Мисс Фрей объяснила, какая это потеря для них всех. Старые фрёкен так долго жили в «Батлер армс»! Она сказала:
– Мы жили так близко друг от друга!
– А мы, разумеется, нет! – произнес Томпсон.
– Теперь же мой долг сообщить мисс Рутермер-Беркли, как можно более щадя ее, о том, что произошло. Вам ведь известно, что она очень стара.
Мисс Фрей вышла в вестибюль. Жизнь потоком обрушилась на нее. Она вся дрожала.

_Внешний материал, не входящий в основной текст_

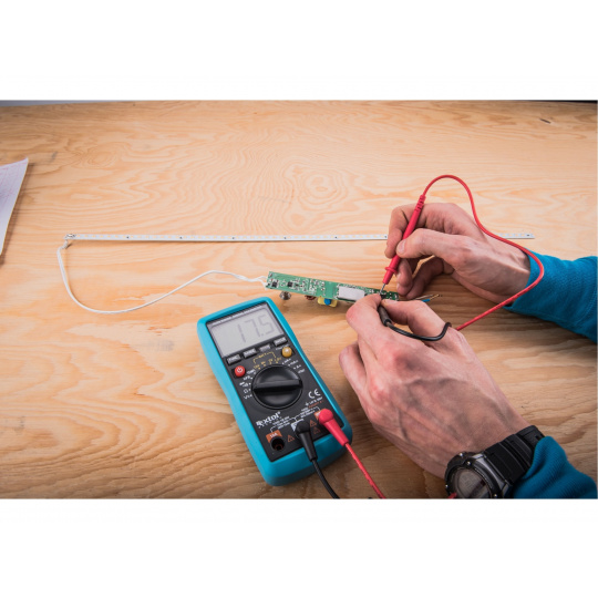 rozsah měření: DC napětí 200mV-600V, AC napětí 2V-600V, DC a AC proud 200µA-10A, odpor 200Ω-20MΩ, teplota -20°C-1000°C, test baterií 1,5/3/9/12V, test tranzistorů a diod, měření spojitosti obvodů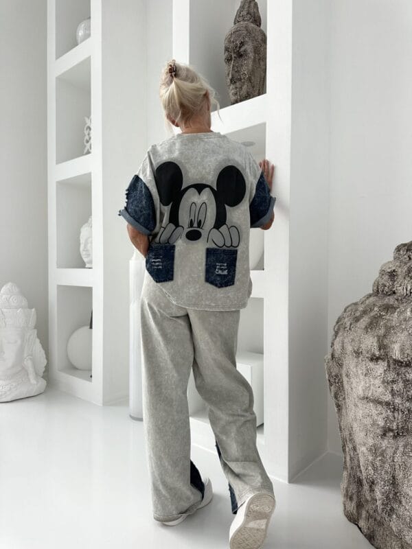 Sportlich-modischer Zweiteiler bestehend aus einem Oversize-Kapuzen-Sweater mit farbigem Motiv sowie einer Schlupfhose mit XL-Taschen und Tunnelzug + Streifen an beiden Teilen.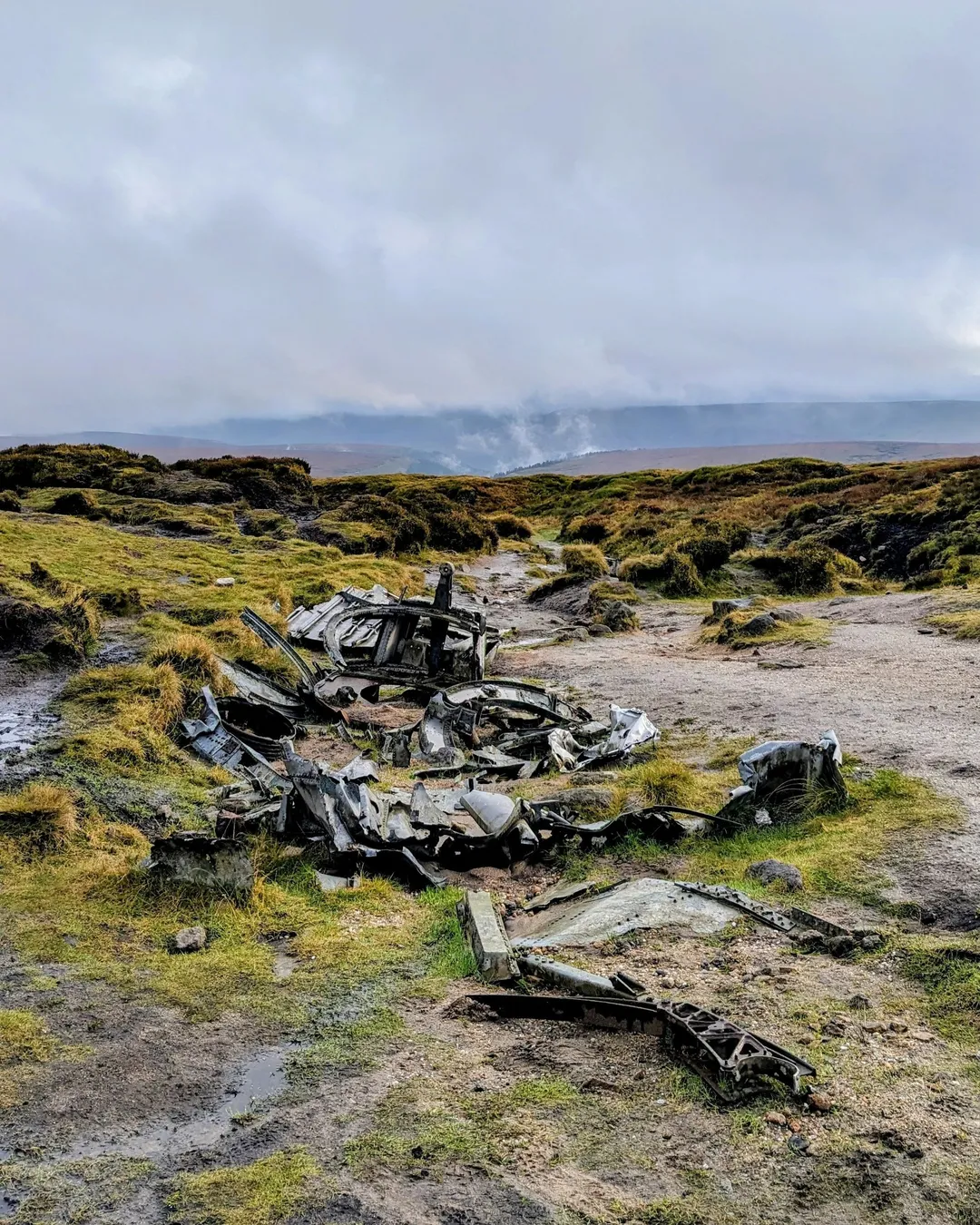 This is not a typical viewpoint — it’s a raw, exposed landscape where twisted metal, engine parts, and aircraft fragments remain preserved as a tribute to the 13 crew members who lost their lives. The silence of the moors adds a sense of reflection, making this one of the most atmospheric hikes in the region.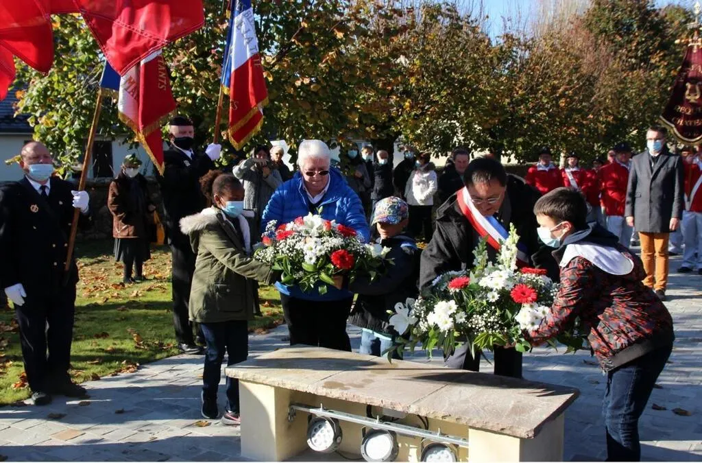 Dépôt de gerbes sur la banquette aménagée devant le monument aux morts, qui est désormais illuminé toutes les nuits. © Le Maine Libre
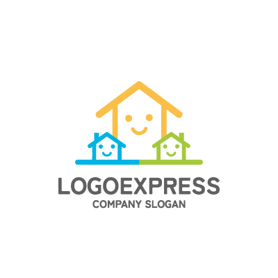 イエローは明るさ、信頼感、幸福感を表現しています。ブルーは安定感、誠実さ、知性を表し、人々に安心感を与えます。グリーンは成長、調和、自然を象徴し、企業が持続可能な発展を目指していることを示します。老若男女問わず親しみやすいデザインで、教育機関や医療機関など、地域社会への貢献を重視する企業におすすめです。 不動産、建築、住宅関連企業に最適なロゴです。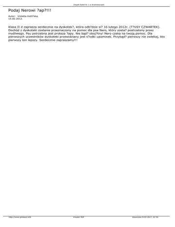 Zespół Szkół Nr 1 w Krośniewicach Podaj Nerowi ?ap?!!! Autor: Violetta Kotli?ska 15.02.2012. Klasa II d zaprasza serdecznie na dyskotek?, która odb?dzie si? 16 lutego 2012r. (T?USY CZWARTEK). Dochód z dyskoteki zostanie przeznaczony na pomoc dla psa Nero, który zosta? postrzelony przez myśliwego. Psu potrzebna jest proteza ?apy. Nie bąd? oboj?tny! Nero czeka na twoją pomoc. Dla pierwszych uczestników dyskoteki przewidziany jest s?odki upominek. Przybąd? pierwszy nie zwlekaj, kto pierwszy ten lepszy. Serdecznie zapraszamy!!! http://www.gimkace.info Kreator PDF Utworzono 8-03-2017, 02:56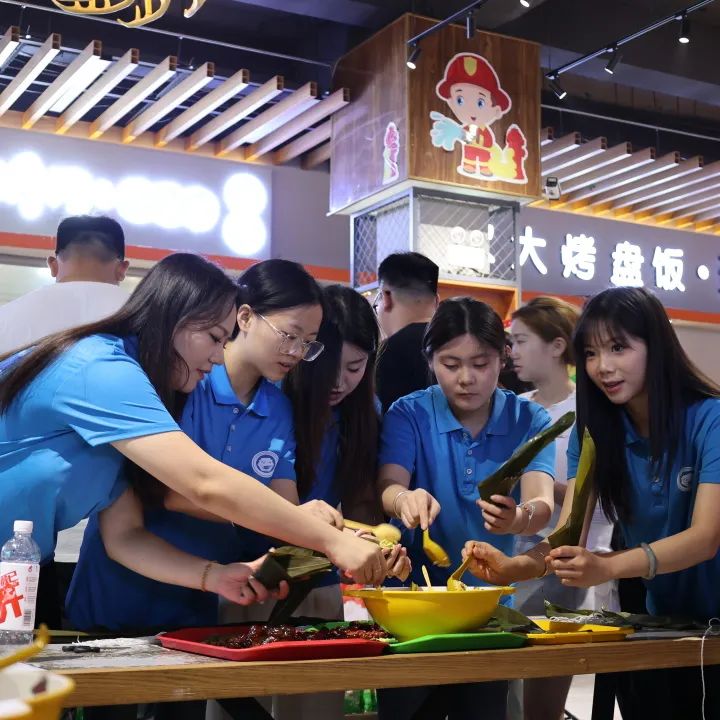 各二级学院各派两支队伍参加比赛,比赛规则是所有参赛队员都要用传统方法包粽子。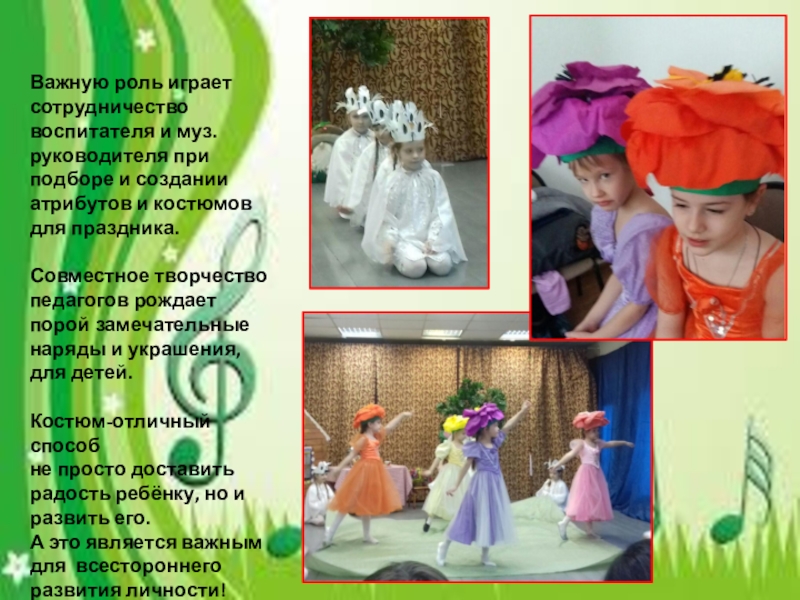 Важную роль играет сотрудничество воспитателя и муз. руководителя при подборе и создании атрибутов и костюмов для праздника.Совместное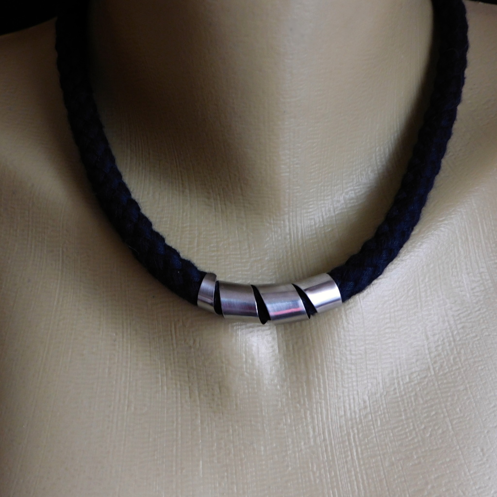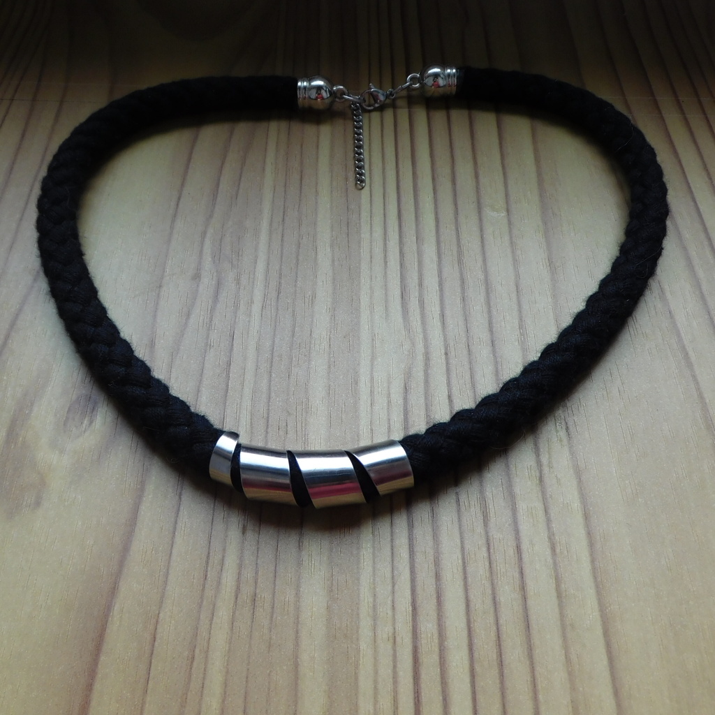 Lanový náhrdelník z černého lana a ozdobné ručně vyrobené, leštěné trubičky.

Владелица пансионата спокойно приняла известие о двойном смертельном случае. Она высказала лишь свое мнение по поводу того, что сестры изобрели чрезвычайно редкий способ расстаться с жизнью и что этому событию не чужд свой собственный стиль, благодаря его почти таинственной одновременности.
– Мне кажется, – заявила мисс Рутермер-Беркли, – мне начинает казаться, что можно и в самом деле умереть по такой причине, как горе. Наше затруднительное положение, дорогая мисс Фрей, состоит в том, что подобная возможность ухода из этого мира нам не суждена. Горе, мисс Фрей, чрезвычайно чистое и сильное чувство, предусматривающее большую любовь. Это совсем не то, что быть несчастными.
Фрей подумала, что старушенция слишком много болтает.
– Ну да, – ответила она, – обе они умерли. Тут уж ничем не поможешь.
– Да, ничем не поможешь. Ничто не может сделаться несделанным или остаться прощенным.
Тогда Фрей спросила, не надо ли рассматривать эти последние слова как упрек, и мисс Рутермер-Беркли ответила:
– Нет, не как упрек, а как напоминание. Никто из нас не любил их, и никто не желал знать что-либо об их жизни. Нам дан толчок к уважению других… Слишком легко отравить свои воспоминания!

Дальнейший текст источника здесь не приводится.